As described in Section 2.5, we defined two optimization problems. The first one (OP1) finds the less-toxic anti-CTLA4 schedule able to reduce tumor growth. Figure 3 and Figure 4 show the results obtained by considering, respectively, ${\Delta }_t=1$ week or ${\Delta }_t=3$ weeks, as the minimum time interval between two infusions. The charts compare the outcomes in case of mono-therapy with ipilimumab (AC) and combination therapy with ipilimumab and sipuleucel-T (AC + V). These numerical results are summarized in

Table 4. Numerical results for the optimization problem OP1. Anti-CTLA4 has been administered as mono-therapy (AC) and in combination with dendritic cell vaccine (AC + V). Both the immunotherapies have been tested by taking into account the general constraints defined in Section 2.5 and an additional constraint concerning the minimum time interval between two infusions (${\Delta }_t$) fixed as 1 or 3 weeks. Column three and four list the infusion times and doses predicted by the model as the optimal schedules. The values $O_1$ and $O_2$ represent the two components of the optimization function, namely $O_1={\int }_{t_1}^{t_f}Tum\left(t\right)dt$ and $O_2=Tox(t_f,I_p\left(t\right))$.

Therapy	${\Delta }_{\mathit{t}}$	Infusion Times (Weeks)	Doses (mg/kg)	${\mathit{O}}_1$	${\mathit{O}}_2$
AC	1 week	$t_1=0,t_2=1,$  $t_3=2,t_4=4$	$d_1=10,d_2=7.5,$  $d_3=4.5,d_4=7$	354.47	0.57
AC + V	1 week	$t_1=0,t_2=1,$  $t_3=2$	$d_1=10,d_2=7.5,$  $d_3=4.5$	292.67	0.52
AC	3 weeks	$t_1=0,t_2=3,$  $t_3=6$	$d_1=10,d_2=10,$  $d_3=10$	483.01	0.63
AC + V	3 weeks	$t_1=0,t_2=3$  $t_3=6$	$d_1=10,d_2=10$  $d_3=4.5$	371.13	0.60

.

In all cases, the optimal administration protocols are predicted to control prostate cancer over the therapy period. The optimal schedules strictly depend on the constraint of the minimum time interval ${\Delta }_t$. Indeed, the model suggests to administer high doses of ipilimumab as soon as possible, provided that the drug concentration remains under the threshold. This implies that, in case of mono-therapy, when ${\Delta }_t=1$ week, the optimal administration times are at weeks $t_1=0,t_2=1,t_3=3$ and $t_4=4$ (Figure 3), while, when ${\Delta }_t=3$ weeks, the optimal administration times are at weeks $t_1=0,t_2=3$ and $t_3=6$ (Figure 4). Changing the minimum time between drug administrations, the model suggests two approaches of drug administration: one with more frequent low doses infusions (Figure 3), the other with fewer infusions of high doses (Figure 4). Compared to the mono-therapy, the combination therapy AC + V is predicted to reduce more rapidly the tumor mass, involving a lower dosage of ipilimumab, and thus causing a lower toxicity.

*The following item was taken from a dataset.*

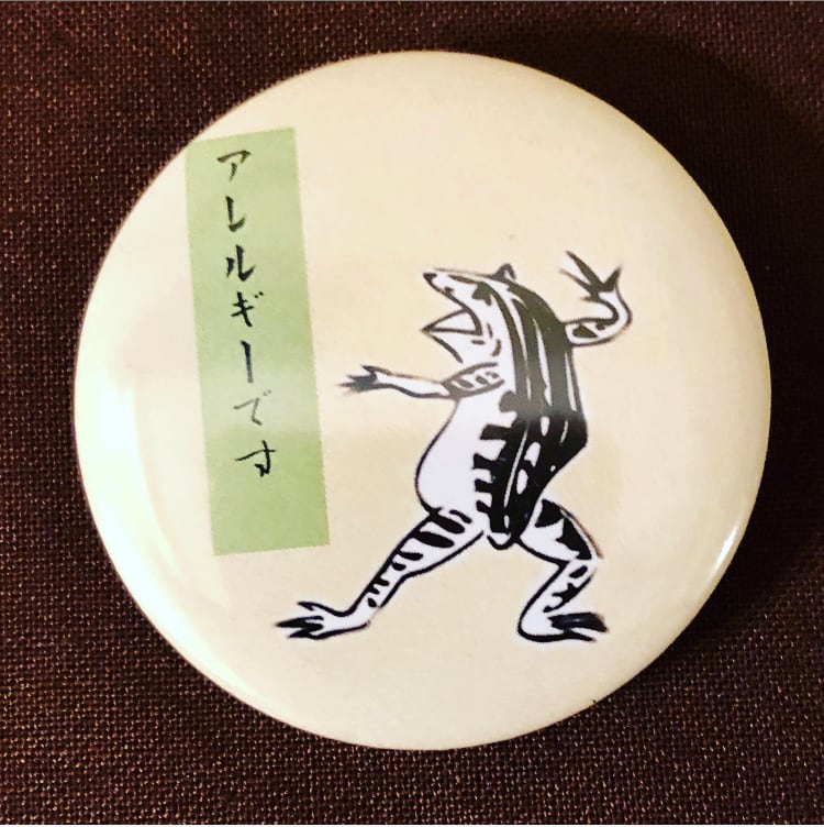 アレルギーバッチ 鳥獣戯画 カエル 缶バッジ 周知喚起
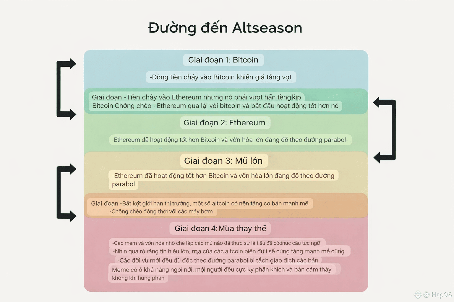 Trong quá khứ, quy luật thường là: BTC tăng -> ETH tăng -> Altcoin lớn -> Altcoin nhỏ.

The other optimization problem OP2 finds the optimal protocol able to eradicate the tumor. Figure 5 and Figure 6 show the model suggested administration protocols in case of two different constraints about the minimum time interval between two infusions of either ${\Delta }_t=1$ week or ${\Delta }_t=3$ weeks, respectively. The charts compare the mono-therapy with anti-CTLA4 (AC) with the effect of the combination therapy with anti-CTLA4 and vaccine (AC + V). The results are presented in

Table 5. Numerical results for the optimization problem OP2. Anti-CTLA4 has been administered as mono-therapy (AC) and in combination with dendritic cell vaccine (AC + V). Both the immunotherapies have been tested by taking into account the general constraints defined in Section 2.5 and an additional constraint concerning the minimum time interval between two infusions (${\Delta }_t$) fixed as 1 or 3 weeks. Column three and four list the infusion times and doses predicted by the model as the optimal schedules. The values $O_1$ and $O_2$ represent the first two components of the optimization function, namely $O_1={\int }_{t_1}^{t_f}Tum\left(t\right)dt$ and $O_2=Tox(t_f,I_p\left(t\right))$.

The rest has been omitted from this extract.